The Independent was the first of the local newspapers to endorse a proposed New York State law that allows undocumented workers to apply for a driver’s license, and it has since passed. Licenses will be issued beginning this week under the Green Light Law. The ongoing opposition is duly noted.

On paper, it seems giving an undocumented resident a license primarily reserved for a U.S. citizen is a slap in the face to law-abiding Americans, but a bit of historical perspective is warranted. Foreigners routinely have driven legally in this state and country; college students from overseas have for years without incident.

The argument that the roads will be unsafe is patently wrong: The roads will be safer, because those who want to obtain a license will get the necessary training and take the DMV test to assure that are versed in the fundamentals.

The argument that terrorists will be able to move around the country more easily is a silly one; the radical extreme groups that wish to cause carnage on U.S. soil have a wealth of believers to carryout their dastardly deeds — they merely have to choose those among their ranks who are already licensed. We suspect there are plenty.

The main reason to champion this proposal is a humane one: these are our neighbors, our co-workers. The primary beneficiaries, of Latino descent, have proven themselves again and again to be diligent, hard-working members of the community with deep ties to the schools and churches and a real desire to participate in the process.

The fact they are undocumented is unfortunate; the fact that they are among us overrides that. Their path to citizenship can best be served by allowing them the tools to achieve their goals, and that means driving to work, being able to pick the kids up at school, and scheduling out-of-town doctors’ appointments.

Many other states already license undocumented workers. It was legal in New York until after 9-11. There is significant opposition, mostly along party lines, which is unfortunate. This is not a political issue, but a humanitarian one.
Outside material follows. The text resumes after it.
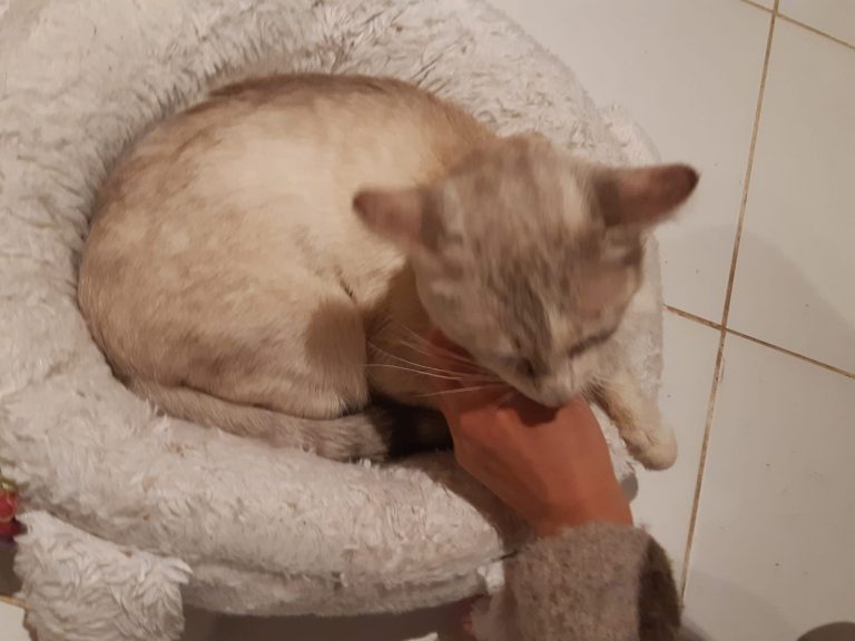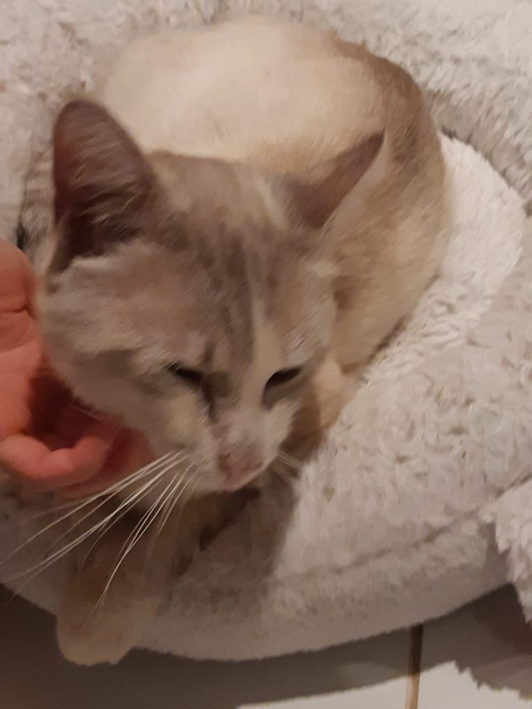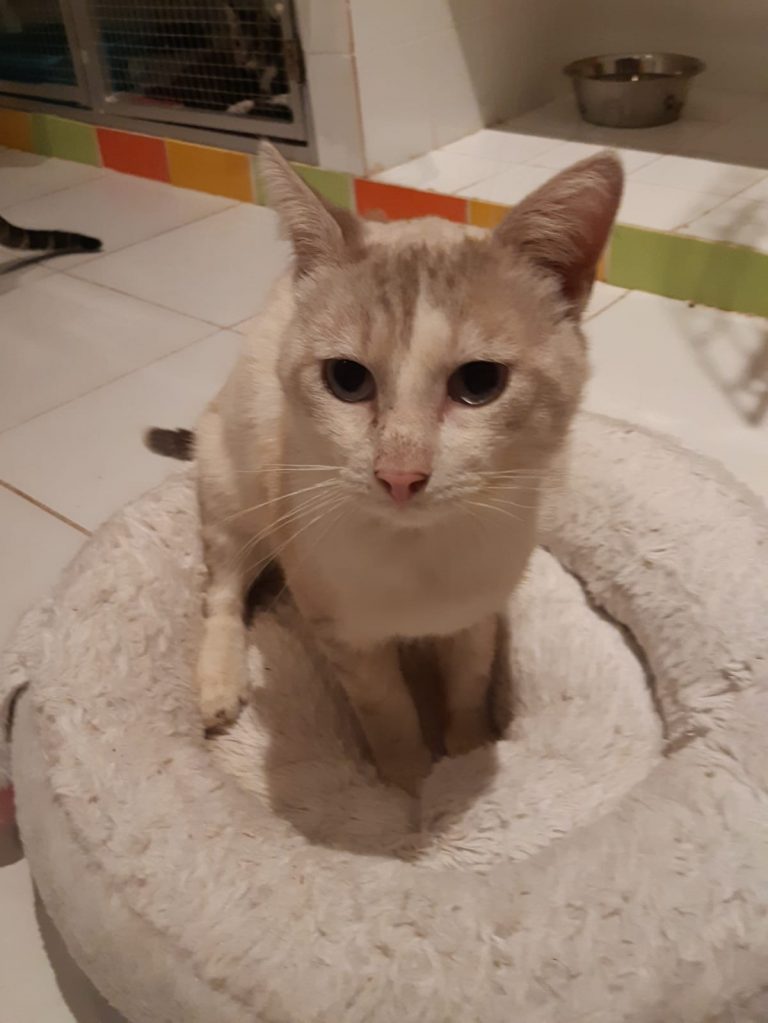 Cet adorable matou a été abandonné sur un banc dans sa caisse de transport . Il a été secouru par une personne attentive qui l'a amené au refuge. Lorsque nous l'avons sorti de sa caisse , nous avons remarqué qu'il marchait sur 3, pattes. Il a une une fracture resoudée sans soins. Il va très bien maintenant mais conserve une légère boiterie qui ne change rien à sa mobilité.

One provision that should be tweaked disallows the federal government — read ICE agents — from using information obtained in the licensing process. Once again, New York, in its desire to play politics, drops the ball on this. Agents on the trail of suspected or convicted violent felons need all the information available and should be able to access files as needed. We are not seeking to condone criminals, we are seeking a better life for our law-abiding neighbors.